Вначале герцог [д’Авейро — Жан Нергаль] и граф [Дон Дуарте, граф д’Эстремос — Ральф Дарбо] появляются на деревянных лошадках [в сцене охоты в лесу], ставят их в специальные корзины. У лошадок [лошадиные головы на палках] блестящие качающиеся глазки.

Рюи Лоренцо [Пьер Брекур] — мрачное лицо, мститель [за поруганную сестру]

Серафина [дочь герцога, невеста графа в исполнении актрисы Даниэль Дени].

Открытая театральность, игра сдержанная и изящная, без перехлеста — поверх сюжета. Свои темы, какие-то легкие намеки на современность (стражники, художник — когда должен зафиксировать исторический момент восстановления в своих правах Лауро [Жорж Мони], трясется; руку дает герцогу — трясется; художник пробует остановить эту тряску, поскольку не может рисовать). Стражники — эта же тема. Эта сторона (государственно-официальная) осмеивается, отрицается (по принципу «Трех мушкетеров»[v]). Мотивировки личных отношений (любви) — фрейдистские. Активное начало — Мадлен [Жаклин Бир]. Робкий Мирено [Рауль де Манез]. Антонио [Клод {14} Вольтер]. Но Серафина — мужское начало, мальчишечье, она влюбляет в себя. Сверхтеатр, сверхтеатральность — но при этом экстаз.

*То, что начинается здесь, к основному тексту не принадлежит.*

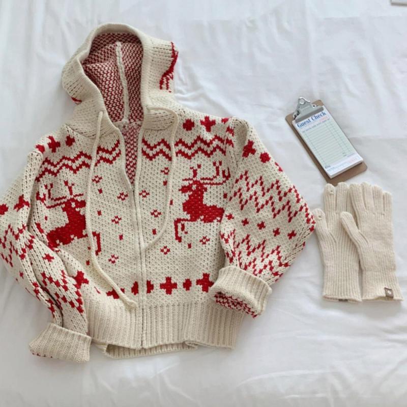 노르딕 사슴 루돌프 니트 후드 집업
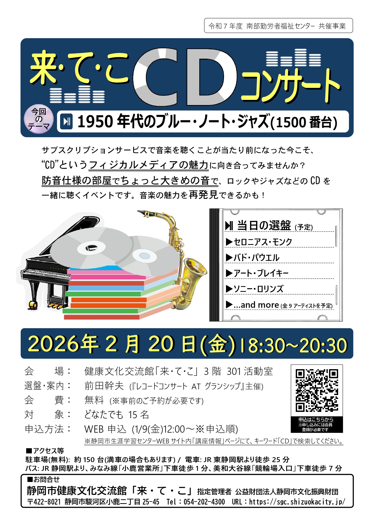 | 内容 | 各回ごとテーマに沿って選盤したCDによる音楽鑑賞会。2月のテーマは「ソフト・ロック×ザ・ミレニアム×ザ・モンキーズほか」。 会場:健康文化交流館「来・て・こ」 3階 301活動室 選盤・案内:前田幹夫 (『レコードコンサート AT グランシップ』主催) |
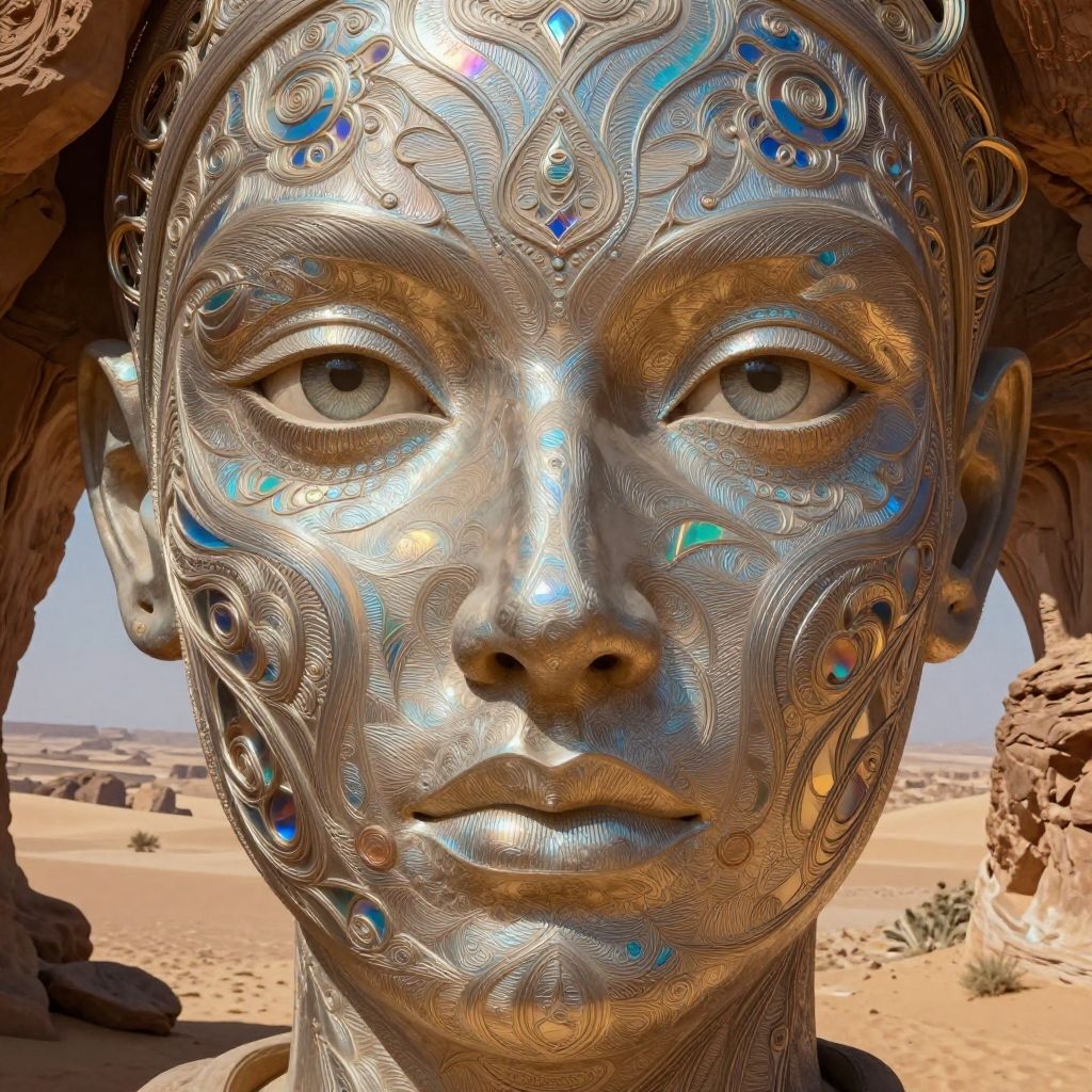 Photograph of an intricately designed, metallic silver face sculpture with a serene expression. The sculpture features detailed, swirling patterns and embedded blue and orange gemstones, reflecting light. The face has large, almond-shaped eyes with a slight upward tilt, and a smooth, rounded nose. The background shows a sunlit desert landscape with sandy dunes, sparse vegetation, and rocky formations. The sculpture is centered, with the desert stretching out behind it, creating a stark contrast between the metallic texture and the natural surroundings.
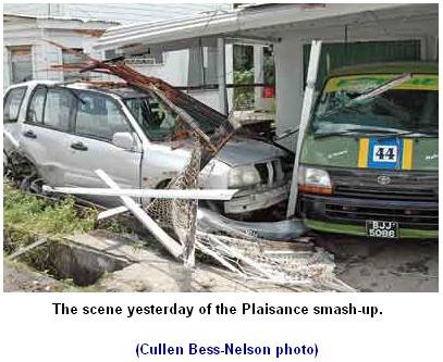 crash A smash-up at Plaisance, East Coast Demerara, early yesterday morning, mangled three vehicles, cut down a utility pole, damaged two fences and shifted a guard hut.
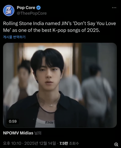 The song also received international acclaim at the BreakTudo Awards 2025, held on November 18 (local time) in São Paulo, Brazil, where it won the International Hit of the Year award. Through this honor, Jin further solidified his presence on the global stage.
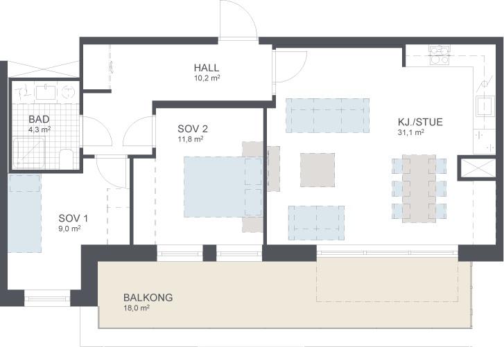 Flott 3-roms toppleilighet med 18 kvm sydvestvendt balkong. Leiligheten har åpen stue- og kjøkkenløsning med store vindusflater. To fine soverom hvor hovedsoverom har god plass til garderopeskap. I tillegg har leiligheten stor hall med god plass til garderobeskap og fint bad med lysegrå fliser.
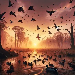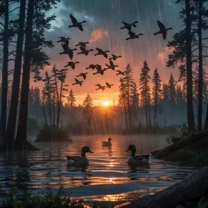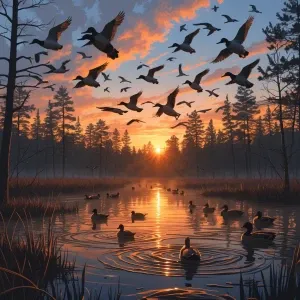 «as the sun rises and mallards are raining in, breaking through t...»

Финал искусственный, театральный. Театрально-искусственна и внешняя суть бытия, но под этим — страсти, подсознание управляет. Робкий Мирено; придрались к этому, но это не робкий характер, а тема — страх перед этим миром.

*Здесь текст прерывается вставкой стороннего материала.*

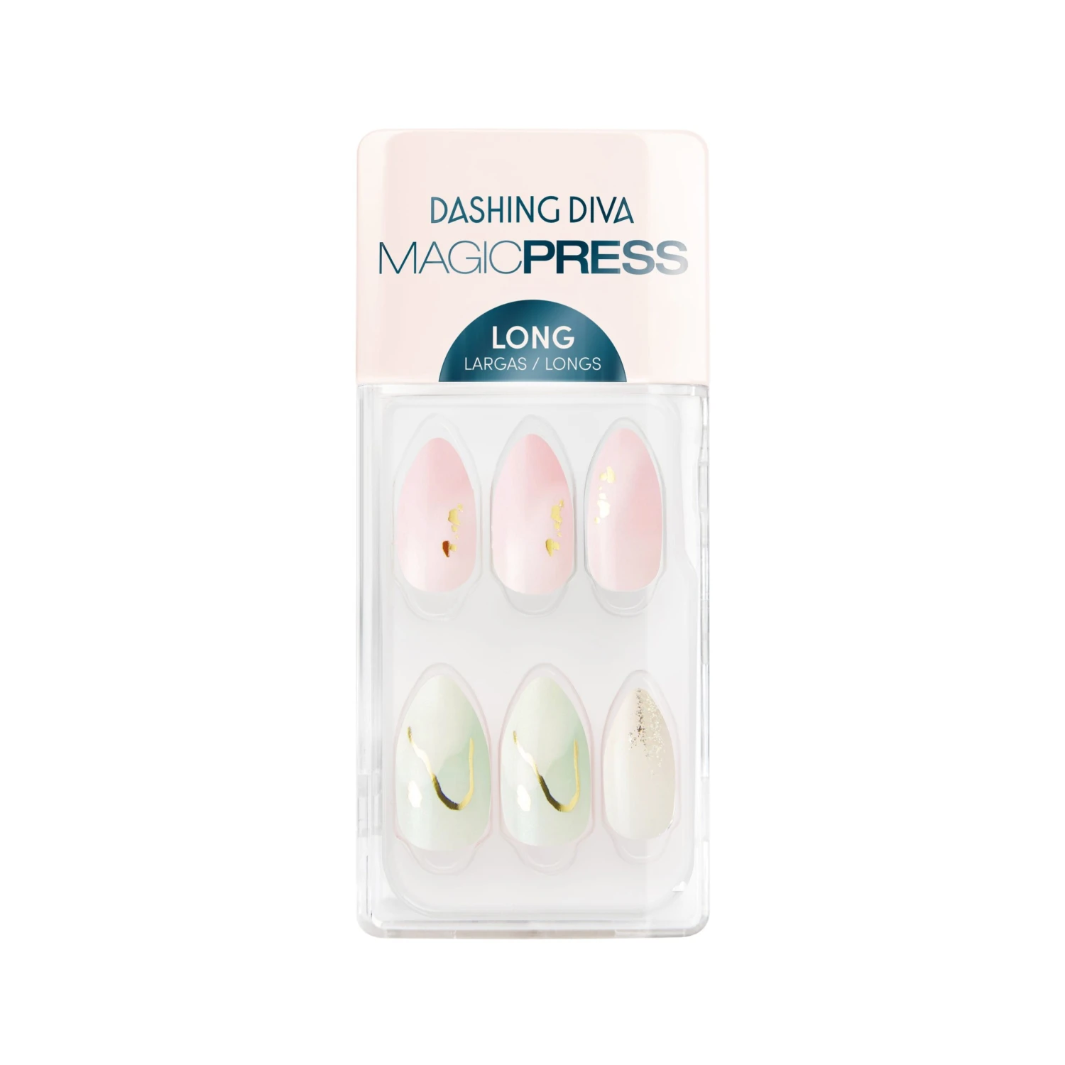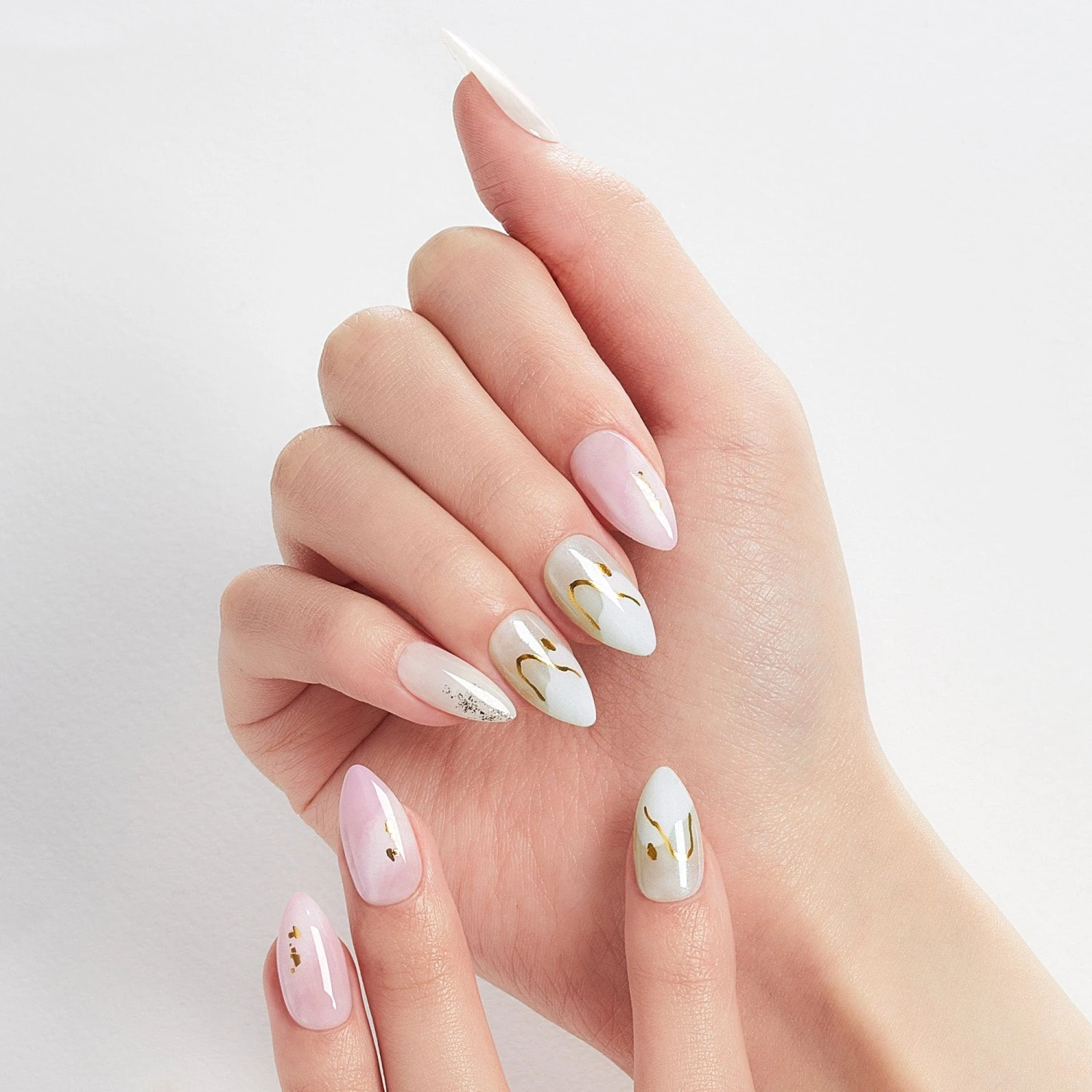 Long length, stiletto shape, glossy finish pink & mint press-on gel nails featuring gold foil and gold glitter.

Разрешение [коллизии] театральное, издевательское. Но завеса перед этим миром только приоткрылась, мы ничего не увидели. Сама же жизнь — отвратительное комедиантство, таковы ее формы. Основа же — подсознание, подстрасти — это настоящее, но страшное, непознаваемое, ощущаем только [его] толчки. В какой-то мере это принцип мейерхольдовский, вернее, турандотовский (А. А. Орочко — от игры к подлинной трагедии)[vi]. В этом один из принципов современного театра («Обыкновенная история» в «Современнике»). Диапазон от страсти пародийной, театральной до подлинной трагедии и настоящей боли — это главное в спектакле (Свободин этого не видит, Любомудров тоже; обличение Адуева)[vii].

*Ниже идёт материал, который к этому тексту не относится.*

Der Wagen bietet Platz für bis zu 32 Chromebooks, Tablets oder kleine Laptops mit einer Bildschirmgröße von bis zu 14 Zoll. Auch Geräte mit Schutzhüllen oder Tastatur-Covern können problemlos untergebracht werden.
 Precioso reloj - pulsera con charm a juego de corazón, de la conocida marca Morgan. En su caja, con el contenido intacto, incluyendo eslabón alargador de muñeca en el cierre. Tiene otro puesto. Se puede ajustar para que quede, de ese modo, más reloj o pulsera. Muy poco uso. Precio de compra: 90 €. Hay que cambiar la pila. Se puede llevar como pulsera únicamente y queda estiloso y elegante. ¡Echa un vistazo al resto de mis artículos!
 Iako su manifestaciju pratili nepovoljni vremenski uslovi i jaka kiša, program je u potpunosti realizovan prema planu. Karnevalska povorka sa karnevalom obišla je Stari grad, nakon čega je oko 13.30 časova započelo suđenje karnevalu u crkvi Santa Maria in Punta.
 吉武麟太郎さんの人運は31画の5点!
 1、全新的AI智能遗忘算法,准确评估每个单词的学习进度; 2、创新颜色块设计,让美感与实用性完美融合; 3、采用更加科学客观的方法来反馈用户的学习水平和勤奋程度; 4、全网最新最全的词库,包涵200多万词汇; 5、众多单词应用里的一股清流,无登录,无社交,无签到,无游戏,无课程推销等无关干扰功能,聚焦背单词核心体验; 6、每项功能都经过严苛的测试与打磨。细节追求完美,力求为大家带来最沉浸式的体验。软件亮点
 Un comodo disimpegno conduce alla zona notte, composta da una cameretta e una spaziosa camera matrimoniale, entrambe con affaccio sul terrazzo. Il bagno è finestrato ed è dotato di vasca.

В чем же эта подлинность? Серафина: игра; она переживает по-настоящему, хотя внешне — напыщенность и ложь; ее тревога, когда она увидела портрет; путаница — влюбляется в свой портрет [когда репетирует мужскую роль], Антонио ее на этом ловит, ее робость, проснувшееся женское начало. Робость, страх Антонио перед этим вечным (подколесинское).

Июля 1966 г.

В шекспировском «Генрихе IV» (театр «Ридо де Брюссель») — то же проникновение реальности и фантазии, современности и истории, разума и безумия. Молодые люди забавляются всем, не подозревая, как все это страшно. Издеваются, глумятся, забавляются. Надзор над принцем Генри. Механическое прихрамывание. Пестрое одеяние, какая-то хламида в сцене покаяния.

Испанский балет Антонио[viii] — тоже проникновение реальности и потустороннего мира, грани смещены («Любовь и колдовство» [балет Мануэля де Фалья «Любовь-волшебница»]). Чечетка — подлинное искусство, сосредоточенность, проникновенность. Антонио — {15} героическая фигура, целая поэма, как стихи (ритм и повторение). Никаких любований техникой или испанских страстей.

6 августа 1966 г. [А. П. Чехов. «Три сестры». БДТ им. М. Горького. Постановка Г. А. Товстоногова. Художник С. М. Юнович].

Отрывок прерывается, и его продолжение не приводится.